Homelab • Networking

Remote Access in Restrictive Networks

Building resilient access through WireGuard and SSH fallback.

Having a homelab has been one of the most effective ways for me to learn cybersecurity and networking outside of the classroom. Working in real environments, dealing with real constraints, and solving problems that don’t have clean lab solutions forces a different kind of understanding.

One of those problems was remote access. I wanted to be able to connect to my home network from campus to continue working on projects or access services I was running. What seemed simple at first quickly turned into a layered set of constraints that required rethinking how remote access actually works.

The Initial Roadblocks

The first issue was my ISP. It uses CGNAT, which prevents inbound connections entirely. That immediately rules out traditional approaches like port forwarding or DDNS, because there’s no way to directly reach my home network from the outside.

I tried using Tailscale, and while it works well in many cases, the campus network blocks it along with most VPN providers. Even when it works, I’m not a fan of relying entirely on a third-party service for access to my own infrastructure. If that service goes down or changes, access goes with it.

At that point, I had two constraints that shaped everything that followed: I couldn’t accept inbound connections, and I couldn’t rely on typical VPN traffic being allowed.

The Plan

Given those constraints, the solution had to start from inside my network. If inbound connections aren’t possible, the only option is to establish a persistent outbound connection to something that is reachable.

I set up a VPS and used it as a relay. My home router establishes an outbound WireGuard tunnel to the VPS, effectively creating a bridge between my LAN and a publicly reachable system. From there, I configured my laptop to connect to the same WireGuard instance, allowing it to behave as if it were on my home network.

The architecture looked like this:

Home Network → WireGuard → VPS ← WireGuard ← Laptop

This worked exactly as expected—until I tried it on the campus network.

The Fix

On campus, WireGuard failed in a way that made the problem clear. The initial handshake would go through, but subsequent handshakes never completed, preventing the tunnel from staying active. In practice, this meant UDP-based VPN traffic was being interfered with or blocked.

So I shifted to something more resilient: SSH.

Unlike WireGuard, SSH runs over TCP and is commonly allowed through restrictive networks because blocking it would disrupt legitimate use. Instead of trying to force a full tunnel, I used SSH in two ways depending on the need.

For browser-based services, I set up a SOCKS proxy. This allowed me to route traffic for things like Wazuh, OPNsense, and Plex through the VPS and into my home network.

For services that required direct port access, like my AI inference server, I used SSH ProxyJump with local port forwarding. This let me map local ports on my laptop to internal services on my home network, effectively extending access without needing a full VPN tunnel.

At that point, the architecture became:

Laptop → SSH → VPS → WireGuard → Home Network

This setup is less seamless than a full VPN. It requires managing tunnels and doesn’t provide transparent network access in the same way WireGuard does. But it works reliably in environments where VPN traffic is restricted, which makes it a practical fallback.

The Final Architecture

The result is a hybrid approach that adapts to the network I’m on.

On open networks, I connect directly to my WireGuard relay and get full access to my home LAN with minimal overhead.

On restrictive networks, I fall back to SSH. The VPS acts as a pivot point, and I selectively expose services through SOCKS or port forwarding depending on what I need.

This approach trades convenience for resilience.
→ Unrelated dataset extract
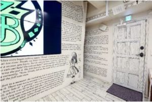 100平米の空間一面に不思議の国のアリスの世界が手描きで描かれ

WireGuard provides a clean, full-network solution when it’s allowed. SSH provides a reliable fallback when it isn’t.

More importantly, building this forced me to think in terms of constraints rather than tools. Instead of asking “what should I use,” the question became “what is this network allowing, and how can I work within that?”

That shift in perspective ended up being more valuable than the solution itself.